LAND, n. A part of the earth's surface, considered as property. The theory that land is property subject to private ownership and control is the foundation of modern society, and is eminently worthy of the superstructure. Carried to its logical conclusion, it means that some have the right to prevent others from living; for the right to own implies the right exclusively to occupy, and in fact laws of trespass are enacted wherever property in land is recognized. It follows that if the whole area of terra firma is owned by A, B, and C, there will be no place for D, E, F, and G to be born on, or, being born as trespassers, to exist on.

 
 
     A life on the ocean wave,
     A home on the rolling deep,
     For the spark that nature gave
     I have there the right to keep.
 
 
     They give me the cat-o'-nine
     Whenever I go ashore.
     Then ho! for the flashing brine —
     I'ma natural commodore!
 
 
     Dodle.
 

LANGUAGE, n. The music with which we charm the serpents guarding another's treasure.

LAOCOÖN, n. A famous piece of antique sculpture representing a priest of that name and his two sons in the folds of two enormous serpents. The skill and diligence with which the old man and lads support the serpents and keep them up to their work have been justly regarded as one of the noblest artistic illustrations of the mastery of human intelligence over brute inertia.

LAP, n.
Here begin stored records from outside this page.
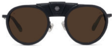
Les fameuses glaciers de Vuarnet se portent désormais en ville.
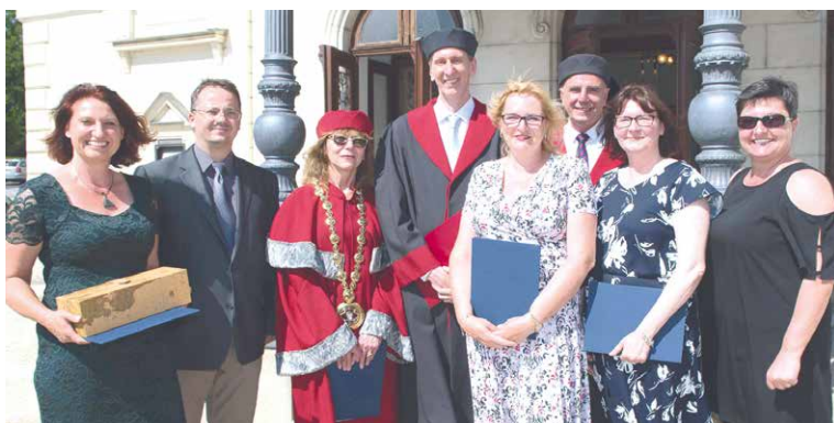
■ Noví bakaláři si převzali jmenování v městském divadle.
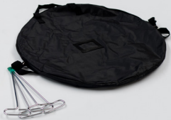
Bodendübel und Nylontasche

4 Bodendübel zur Befestigung schwarze Transporttasche aus Nylon
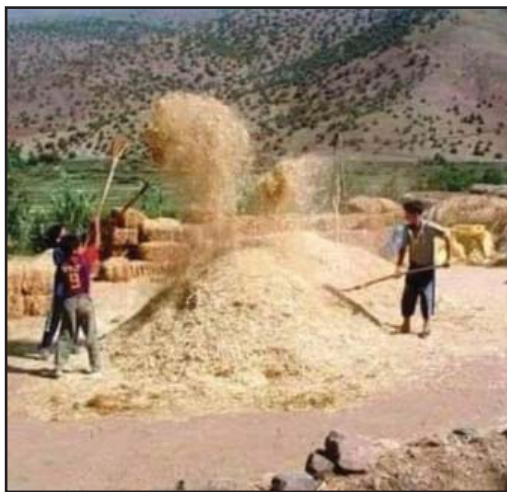
شه‌ن کردنی خه‌رمان دواى گيتره‌کردن.

خوناو، مانای جوراوجور دهدات به‌دهسته‌وه، به‌پیی ناوچه‌کان ده‌گوریت، وه‌ک له‌هه‌ندئ ناوچه‌دا به‌شه‌ونم ده‌لین خوناو. له‌ناوچه، زورکوستانه‌کاندا، که‌به‌فریکی زور ده‌باریت، خوناو ئاوی تواوه‌ی به‌فره، که‌دوایی یه‌ک ده‌گرن رووباری گه‌وره دروست ده‌که‌ن، تیژ ره‌وانه له‌لوتکه‌ی به‌رزی شاخه‌کانه‌وه به‌ره‌و هه‌لدیرو چه‌م و شیوه‌کان ده‌رۆن. له‌فه‌ره‌نگی هه‌نبانه بو‌رینه‌دا، خوناو، به‌مانای شه‌ونم، نمه‌مه باران، ئاوی شیلیم و ئاوی نوکاو و ئاوی ئاودانه‌وه‌ی قاورمه‌ش دیت.
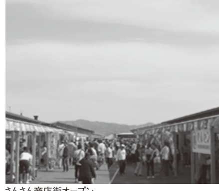
さんさん商店街オープン

この葛蒲田海水浴場は、明治21年に日本で3番目の海水浴場として開設されました。夏の海水浴場シーズンになると多くの海水浴客が訪れる県内随一のリゾートとなっています。 平成22年には、5万人を超える海水浴客が訪れていましたが、東日本大震災により葛蒲田海水浴場は様相を一変。押し寄せた津波で防潮堤は崩れ、砂浜にはコンテナやボート、漁網等が流れ着き、荒れ果てて海水浴どころではなくなっていました。
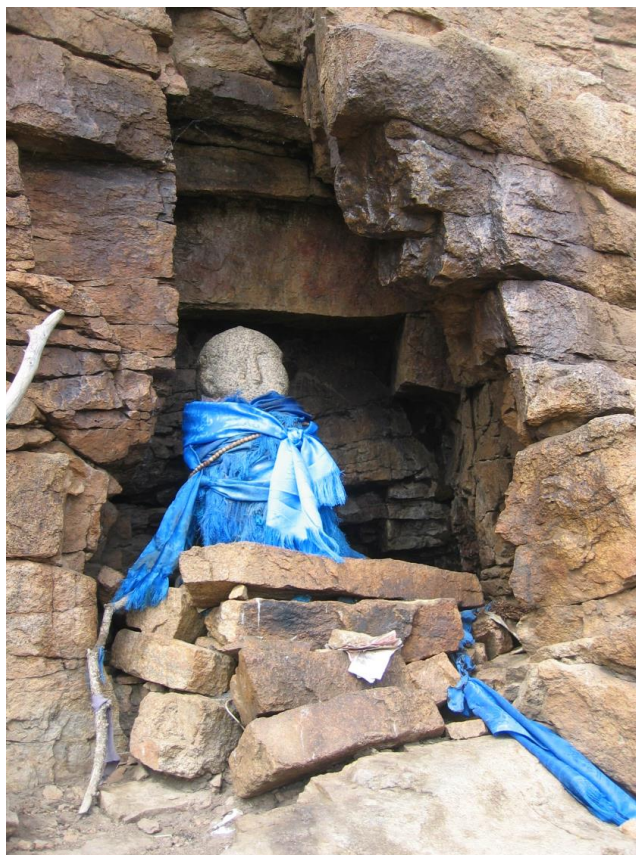
Зураг 2а. Өвөрхангай, Хужирт, Дулаанхайрханы өвөр, Хүн чулуун хөшөөний гэрэл зураг
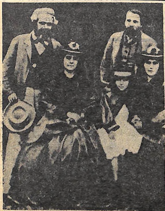
К. Маркс і Ф. Енгельс в доньках Й. Маркса.

П. ДМИТРЕНКО, завідуючий Будинком атеїзму.
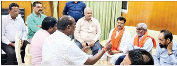
परिस्टन में बैठक करते भाजपा कार्यकर्ता
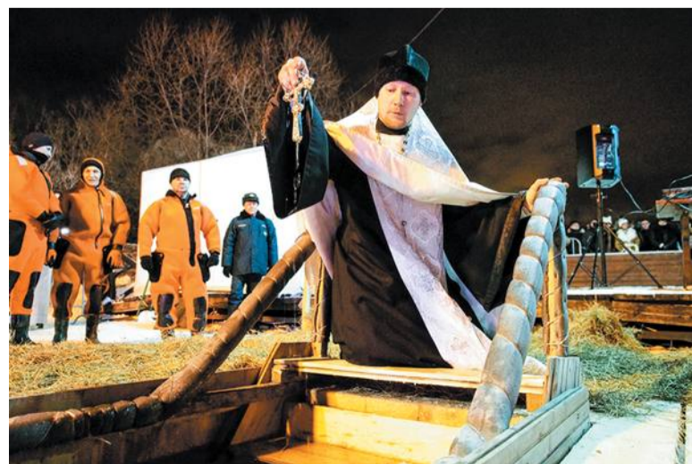
Так традиционно готовились к крещенским купаниям
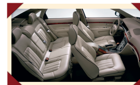
Het interieur was zeer ruim en luxueus, zeker bij de hier afgebeelde Executive-versie.

Daarnaast was de auto uitgerust met een compleet arsenaal airbags, waaronder gordijnairbags langs de zijruiten, en het van de 850 overgenomen SIPS-systeem dat bescherming biedt bij een zijdelingse aanrijding. Alle vijf zitplaatsen waren voorzien van driepuntsveiligheidsgordels met voorspanners, terwijl het inzittendencompartiment was geconstrueerd als veiligheidskooi, waarbij de motorruimte en bagageruimte fungeren als kreukelzones die de klap bij een eventuele botsing moeten opvangen ter voorkoming van letsel bij de passagiers.
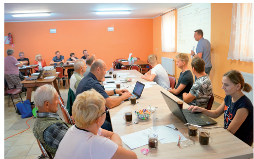
Warsztaty z moderatorami Odnowy Wsi

Nowe Dwory, Miały i Mężyk. Pod okiem moderatorów pracowali przedstawiciele grup odnowy wsi, rad sołeckich, stowarzyszeń. Sołeckie Strategie Rozwoju wsi podle-
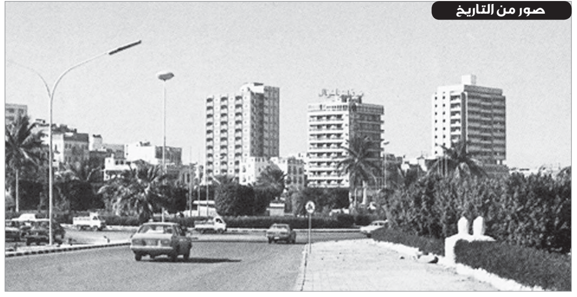
جدة / طريق المدينة المنورة النازل ( حيث ترى أمامك دوار البيعة )
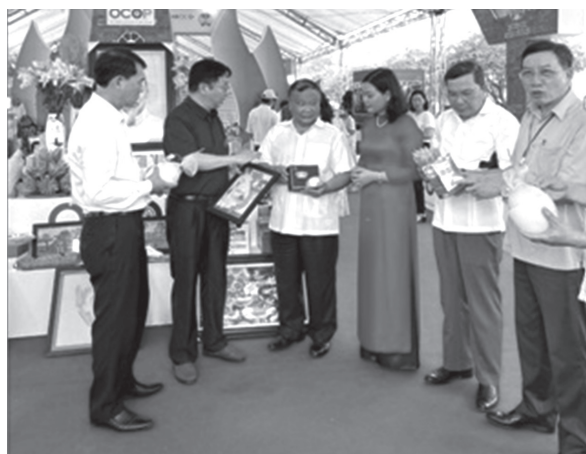
Đồng chí Đinh Khắc Đỉnh - Phó Chủ tịch Trung ương Hội Nông dân Việt Nam thăm quan gian hàng của thành phố Hà Nội tại Festival Trái cây

Từ ngày 28/5 đến 31/5/2022, Đoàn lãnh đạo và cán bộ Hội Nông dân Thành phố, Văn phòng Điều phối xây dựng nông thôn mới Thành phố tham dự chuỗi sự kiện Festival trái cây tại tỉnh Sơn La. Tham dự Festival trái cây tại tỉnh Sơn La, thành phố Hà Nội có 25 chủ thể với hàng 100 sản phẩm Ocop được trưng bày, giới thiệu tại Festival.
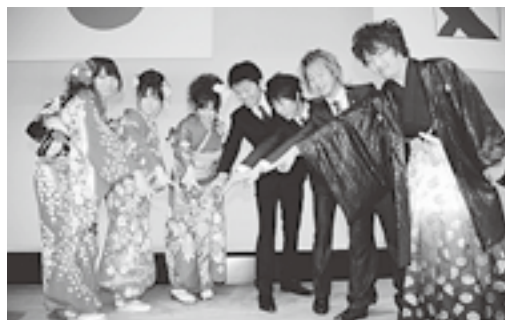
△新しい出会いが広がる実行委員会

町は、来年1月12日(日)に開く成人式の企画や運営をする、新成人の皆さんを募集しています。あなたも実行委員となり、思い出に残る式典
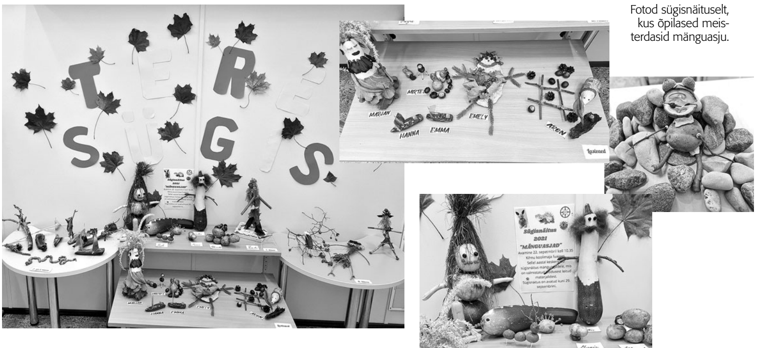
Fotod sügisnäituselt, kus õpilased meisterdasid mänguasju.
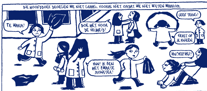
Illustratie uit Persepolis 1.

Fatima Mernissi , De Europese harem . Breda (De Geus) 2001.
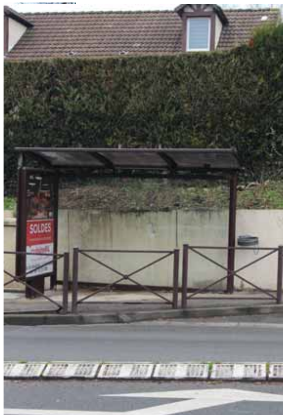
De nouveaux abris-voyageurs ont été installés courant du mois de janvier.

réalisés, des panneaux qui pour la plupart ont repris la place qu'ils occupaient en septembre. Ce marché permet à la commune de bénéficier gratuitement de nouveaux équipements supplémentaires, sans dépenser un centime d'argent public. Pour chaque panneau, une face ville est destinée à l'affichage culturel et d'informations de la ville ; l'impression et la pose des affiches sont gratuites. Nous allons aussi avoir de nouveaux abris-voyageurs, des panneaux d'affichage administratif en mairie et devant chaque école, des panneaux d'affichage libre, une colonne culturelle, des dispositifs d'indication des bâtiments communaux. Et pour finir, deux panneaux électroniques d'information, un place Léchaugette et un deuxième au carrefour de la Faisanderie. Vous y verrez défiler toutes les informations en continu mais aussi des alertes flashes.

One of the most important organs of the female system – an admirable provision of nature for the repose of infancy, but chiefly useful in rural festivities to support plates of cold chicken and heads of adult males. The male of our species has a rudimentary lap, imperfectly developed and in no way contributing to the animal's substantial welfare.

LAST, n. A shoemaker's implement, named by a frowning Providence as opportunity to the maker of puns.

 
     Ah, punster, would my lot were cast,
     Where the cobbler is unknown,
     So that I might forget his last
     And hear your own.
 
 
     Gargo Repsky.
 

LAUGHTER, n. An interior convulsion, producing a distortion of the features and accompanied by inarticulate noises. It is infectious and, though intermittent, incurable. Liability to attacks of laughter is one of the characteristics distinguishing man from the animals – these being not only inaccessible to the provocation of his example, but impregnable to the microbes having original jurisdiction in bestowal of the disease. Whether laughter could be imparted to animals by inoculation from the human patient is a question that has not been answered by experimentation. Dr. Weir Mitchell holds that the infectious character of laughter is due to instantaneous fermentation of sputa diffused in a spray. From this peculiarity he names the disorder Convulsio spargens.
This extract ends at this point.